- Opening Delimiter -
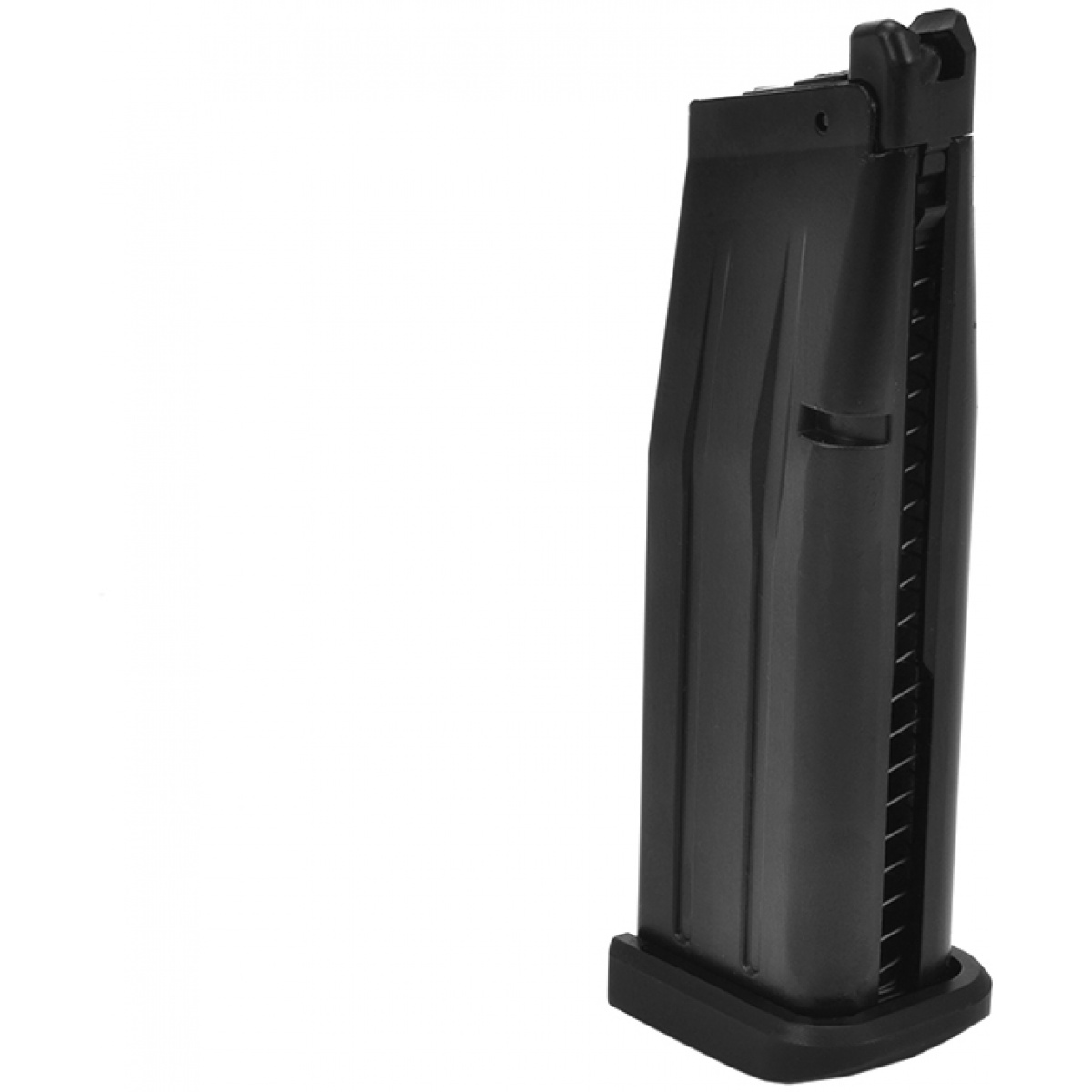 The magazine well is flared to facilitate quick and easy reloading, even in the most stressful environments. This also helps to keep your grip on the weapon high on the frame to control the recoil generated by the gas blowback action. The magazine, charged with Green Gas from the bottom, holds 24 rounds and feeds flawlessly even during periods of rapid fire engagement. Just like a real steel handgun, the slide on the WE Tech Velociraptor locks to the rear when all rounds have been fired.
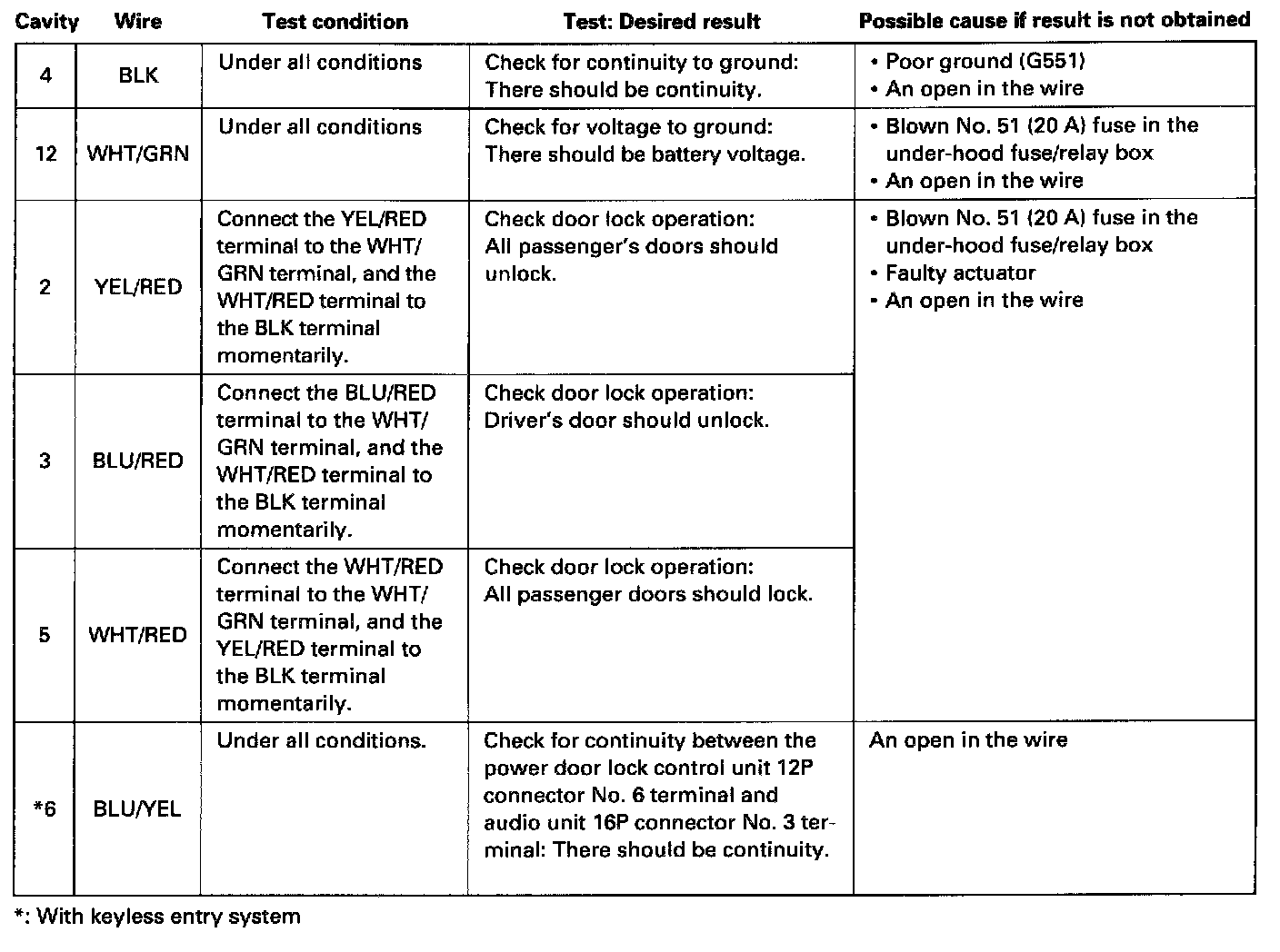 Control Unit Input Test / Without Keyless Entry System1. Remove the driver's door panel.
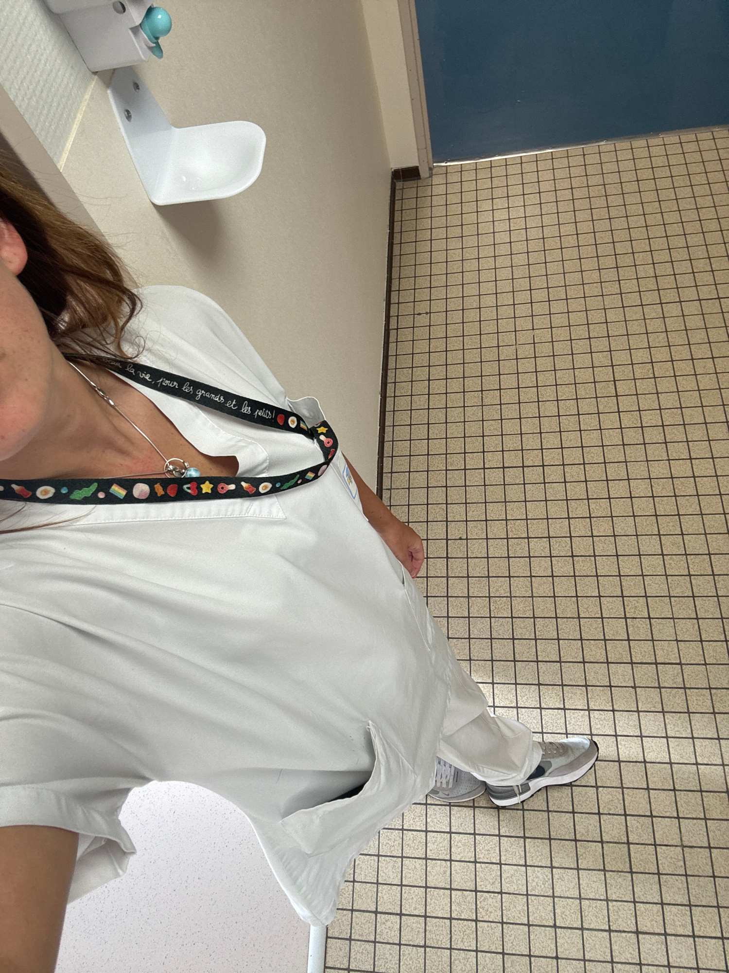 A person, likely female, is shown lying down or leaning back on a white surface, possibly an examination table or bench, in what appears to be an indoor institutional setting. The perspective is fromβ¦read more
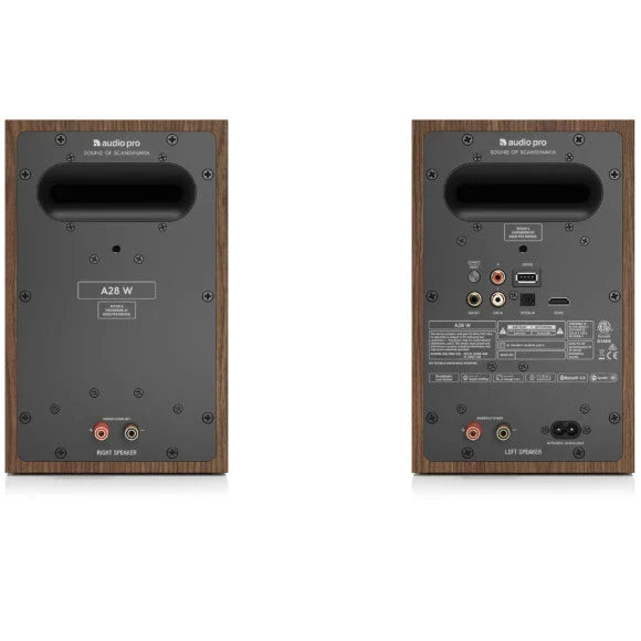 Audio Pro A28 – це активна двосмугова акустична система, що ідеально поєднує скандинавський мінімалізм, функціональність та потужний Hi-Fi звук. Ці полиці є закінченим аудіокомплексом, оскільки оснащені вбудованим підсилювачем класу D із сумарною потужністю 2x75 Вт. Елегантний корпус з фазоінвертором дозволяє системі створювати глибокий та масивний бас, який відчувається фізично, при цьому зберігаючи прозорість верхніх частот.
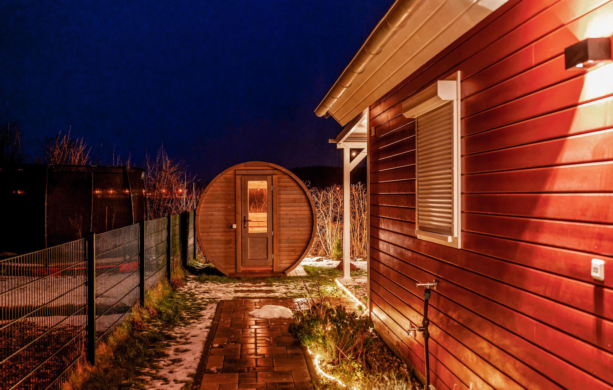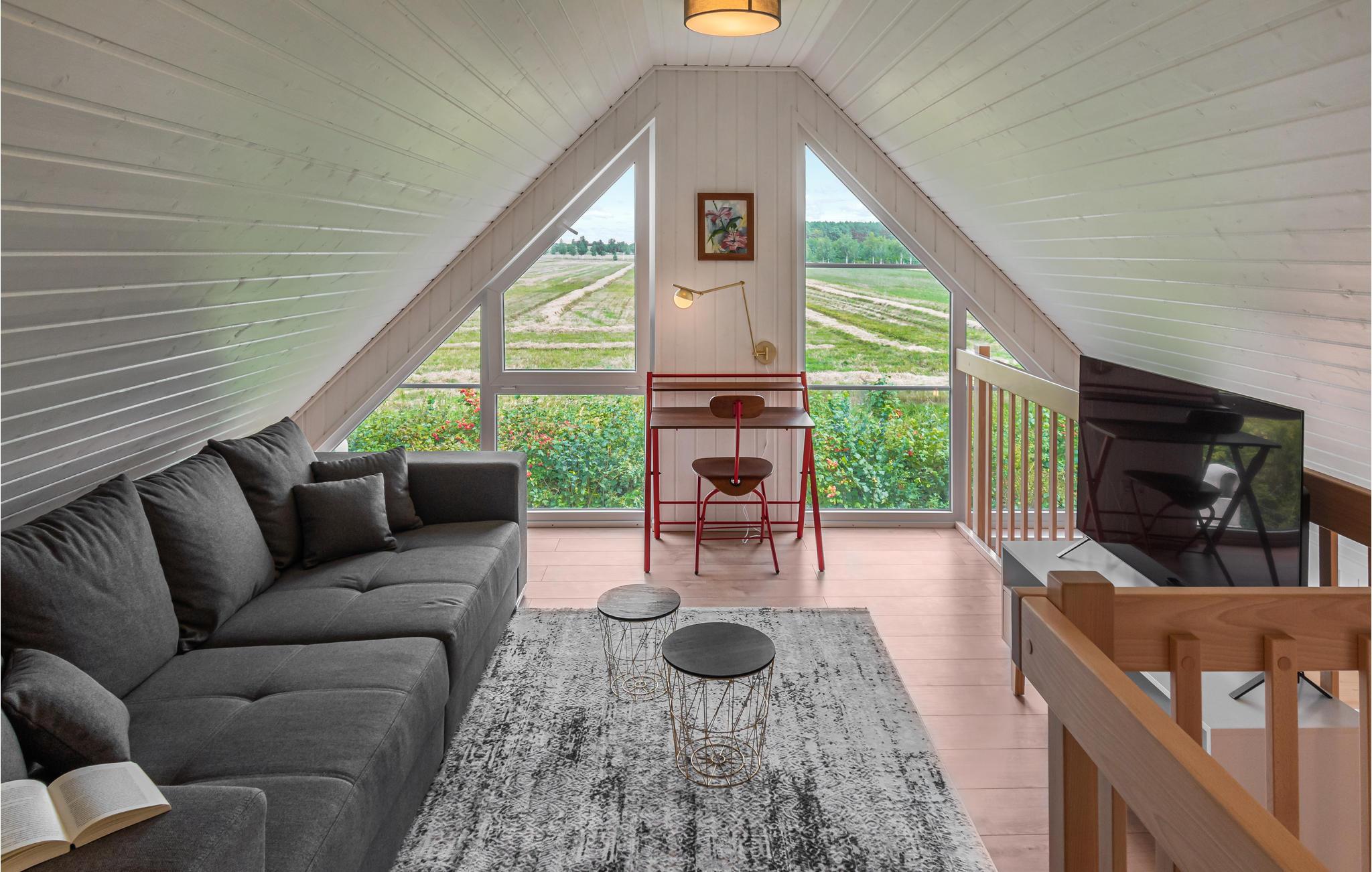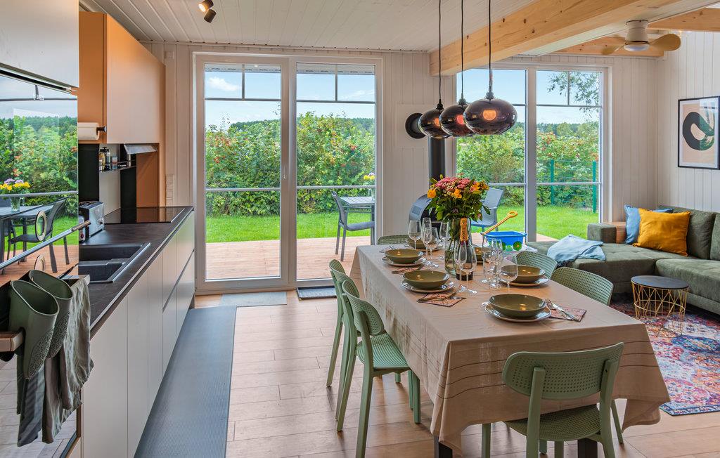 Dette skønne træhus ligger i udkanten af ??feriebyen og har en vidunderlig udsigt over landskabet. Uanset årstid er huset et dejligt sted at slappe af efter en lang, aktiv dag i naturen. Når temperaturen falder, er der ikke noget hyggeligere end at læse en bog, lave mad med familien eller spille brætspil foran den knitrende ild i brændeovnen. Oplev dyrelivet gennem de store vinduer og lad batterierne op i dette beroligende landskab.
- Closing Delimiter -
With the pictures omitted, set down each line exactly, starting at the first line of the records above and ending with the line that contains "A person, likely".

 The magazine well is flared to facilitate quick and easy reloading, even in the most stressful environments. This also helps to keep your grip on the weapon high on the frame to control the recoil generated by the gas blowback action. The magazine, charged with Green Gas from the bottom, holds 24 rounds and feeds flawlessly even during periods of rapid fire engagement. Just like a real steel handgun, the slide on the WE Tech Velociraptor locks to the rear when all rounds have been fired.
 Control Unit Input Test / Without Keyless Entry System1. Remove the driver's door panel.
 A person, likely female, is shown lying down or leaning back on a white surface, possibly an examination table or bench, in what appears to be an indoor institutional setting. The perspective is fromβ¦read more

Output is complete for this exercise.